Data extract:
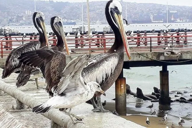 Valparaíso parecía de otro mundo. Subimos en un funicular antiguo por el Cerro Alegre — traqueteaba tanto que agarré el pasamanos más fuerte de lo que quería. El arte callejero está en todas partes: gatos con gafas de sol, poemas en colores vivos. Camila conocía a algunos artistas por su nombre; incluso nos mostró su mural favorito cerca del Pasaje Bavestrello. En la Plaza Sotomayor, los pescadores sacaban cubetas de mariscos mientras los pelícanos los miraban con esperanza. La ciudad huele a sal, pintura y pescado frito al mismo tiempo.
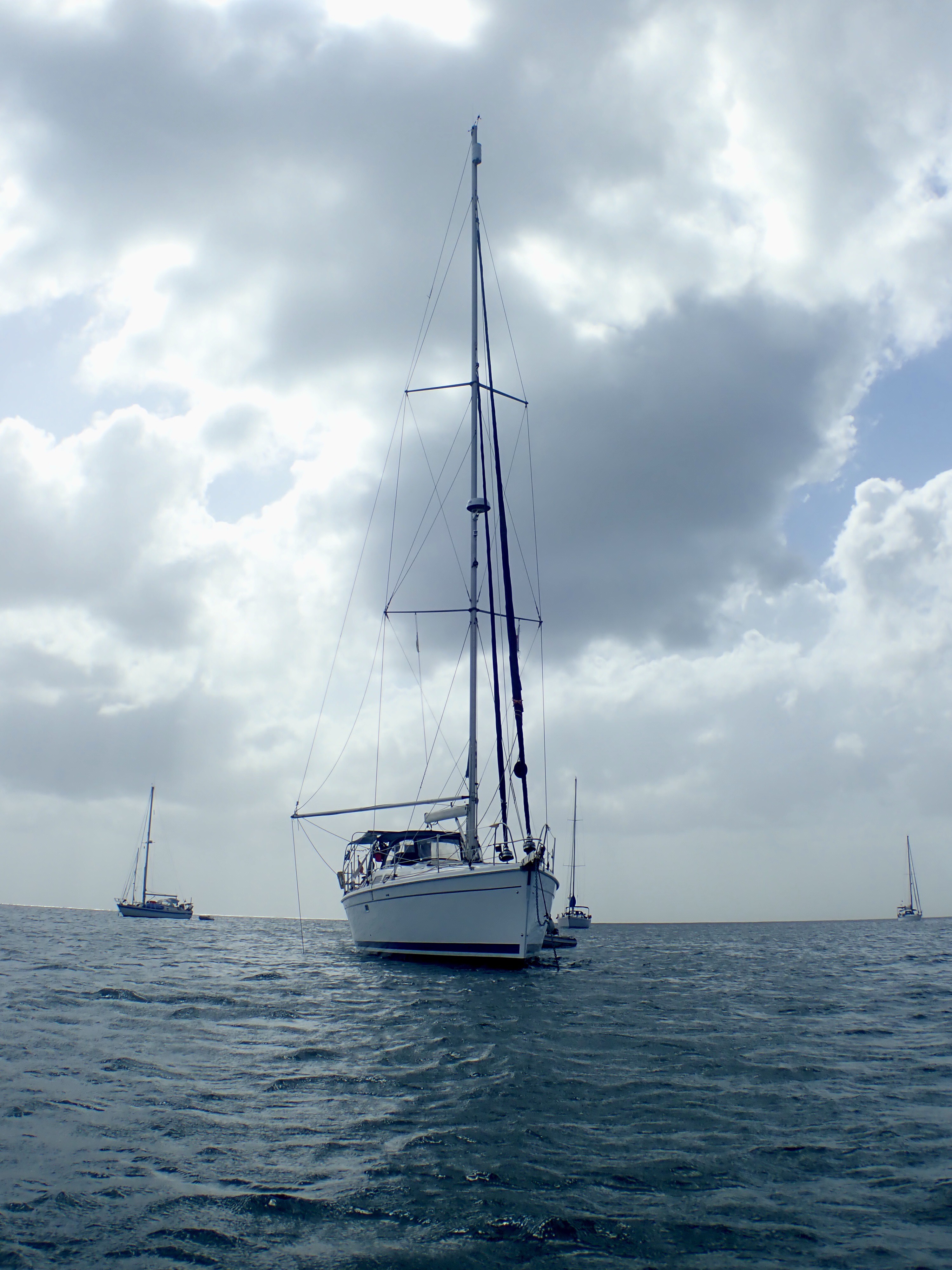 Having another family boat in this anchorage definitely helps define what we must look like. I keep staring at them and thinking, ‘So that’s what we look like.’ Very profound. They must be thinking, ‘Why does she keep staring at us?’
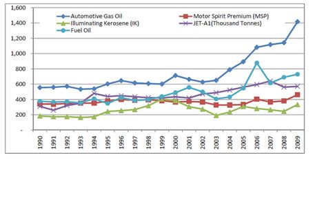 石油是肯尼亞商業能源的主要來源,多年來,石油占該國商業能源需求的約80%。2006年,肯尼亞銷售了440萬立方米的石油產品。這42萬米3是煤油和68000米3是LPG??夏醽喌氖拖M總量從2003年的260萬立方米增加到2006年的373萬立方米。消費量保持上升趨勢。截至2009年,對石油產品的需求量為3,656千噸。截至2007年,肯尼亞有一家煉油廠,蒙巴薩煉油廠,其銘牌產能為每天90,000桶。自其委托以來,煉油廠尚未滿負荷運轉。
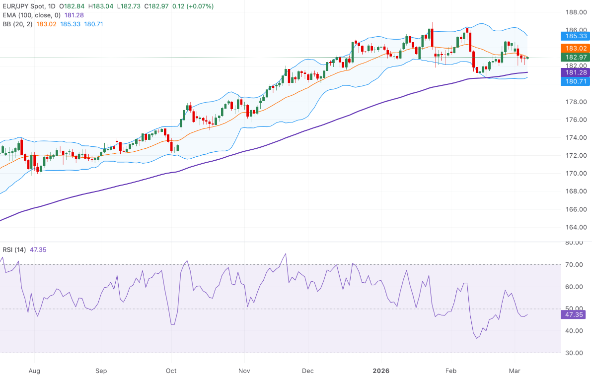 初始阻力出现在2月26日的184.74,高于布林带上轨的185.30,如果日收盘价高于此位置,将确认向186.30区域的延续。下方来看,即时支撑位是3月5日的低点182.11。在此之下,100日EMA附近的181.30是一个关键的结构性支撑位,需要保持以防止向180.70进行更深的回撤。只要价格交易在这个EMA群之上,回撤将被视为仍在每日上涨趋势中的修正。
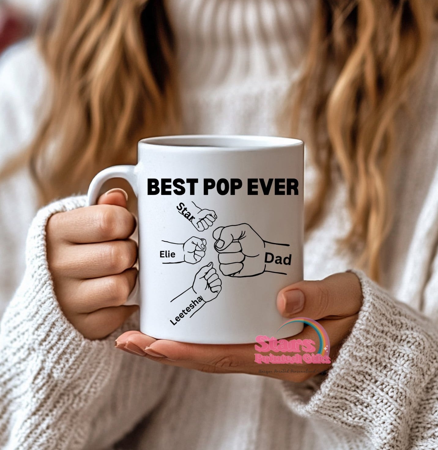 Best Dad/Pop Fist Pump Mug, Custom 1st Father's Day Gift, Custom Mug, Upto 6 Kids Names

Required work:
Lines from the one holding "Having another family" to the end of the data, both ends included, are to be given again exactly; no pictures belong in the copy.

Solution to this problem:
 Having another family boat in this anchorage definitely helps define what we must look like. I keep staring at them and thinking, ‘So that’s what we look like.’ Very profound. They must be thinking, ‘Why does she keep staring at us?’
 石油是肯尼亞商業能源的主要來源,多年來,石油占該國商業能源需求的約80%。2006年,肯尼亞銷售了440萬立方米的石油產品。這42萬米3是煤油和68000米3是LPG??夏醽喌氖拖M總量從2003年的260萬立方米增加到2006年的373萬立方米。消費量保持上升趨勢。截至2009年,對石油產品的需求量為3,656千噸。截至2007年,肯尼亞有一家煉油廠,蒙巴薩煉油廠,其銘牌產能為每天90,000桶。自其委托以來,煉油廠尚未滿負荷運轉。
 初始阻力出现在2月26日的184.74,高于布林带上轨的185.30,如果日收盘价高于此位置,将确认向186.30区域的延续。下方来看,即时支撑位是3月5日的低点182.11。在此之下,100日EMA附近的181.30是一个关键的结构性支撑位,需要保持以防止向180.70进行更深的回撤。只要价格交易在这个EMA群之上,回撤将被视为仍在每日上涨趋势中的修正。
 Best Dad/Pop Fist Pump Mug, Custom 1st Father's Day Gift, Custom Mug, Upto 6 Kids Names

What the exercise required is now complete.